Komplikasi jangka panjang yang sering terjadi :
1. Bronchopulmonary Dysplasia (BPD): merupakan penyakit paru kronik yang disebabkan pemakaian oksigen pada bayi dengan masa gestasi 36 minggu. BPD berhubungan dengan tingginya volume dan tekanan yang digunakan pada waktu menggunakan ventilasi mekanik, adanya infeksi, inflamasi, dan defisiensi vitamin A. Insiden BPD meningkat dengan menurunnya masa gestasi.
2.  Retinopathy prematur Kegagalan fungsi neurologi, terjadi sekitar 10-70% bayi yang berhubungan dengan masa gestasi, adanya hipoxia, komplikasi intrakranial, dan adanya infeksi.

2.3.6.   Asuhan pada BBL dengan RDS
1.   Pengkajian
1.  Data Demografi ( Nama Anak, jenis kelamin, nama orang tua, pekerjaan orang tua, alamat, pendidikan terakhir, agama, suku dsb.)
2. Lakukan pengkajian fisik bayu baru lahir dan pengkajian gestasi.

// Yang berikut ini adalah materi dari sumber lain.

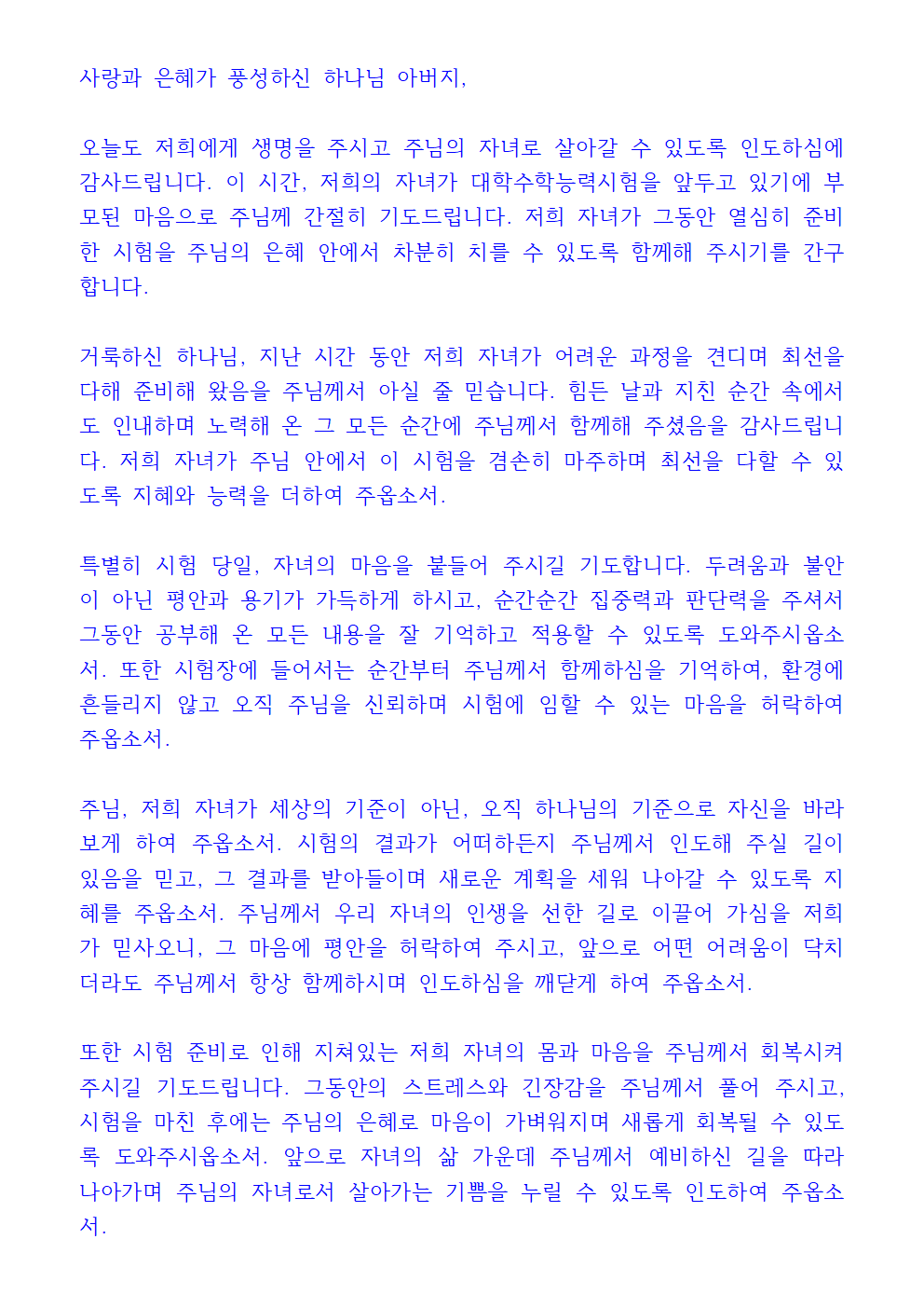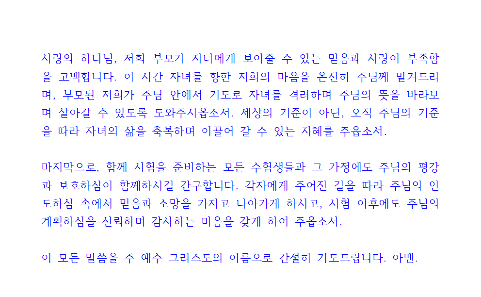 수험생 자녀 축복 기도문

3. Lakukan pengkajian sistemik, dengan penekanan kusus pada pengkajian pernafasan.
4.  Observasi adanya manifestasi RDS :
- Dispnue/hipernue/takipneu
- Sianosis
- Retraksi suprasternal / epigastrik / intercostals
- Grunting expirasi
- Mengorok ekspiratori
- Pernapasan cuping hidung\
- Pernapasan kulit
Bila penyakit berlanjut :
-Lemah dan lesu
-Tidak responsive
-Sering mengalami episode apneu
-Penurunan bunyi napas gangguan termoregulasi
Penyakit yang berat berhubungan dengan hal berikut :
Keadaan seperti syok
Penurunan curah jantung
Rendahnya tekanan darah sistemik
Bantu saat prosedur dan tes-tes, (mis radiografi, analisis gas darah)

2.  Diagnosa Keperawatan
1.  Inefektif pola nafas b.d adanya penumpukan lendir pada jalan nafas.
2.  Gangguan perfusi jaringan b.d kurangnya oksigenasi keotak
3.  Defisit volume cairan b.d meningkatnya metabolisme
4.  Nutrisi kurang dari kebutuhan b.d intake yang tidak adekuat
5. Resiko terjadinya infeksi pada tali pusat b.d invasi kuman patogen kedalam tubuh
6. Kecemasan ortu b.d kurang pengetahuan ortu tentang kondisi bayi.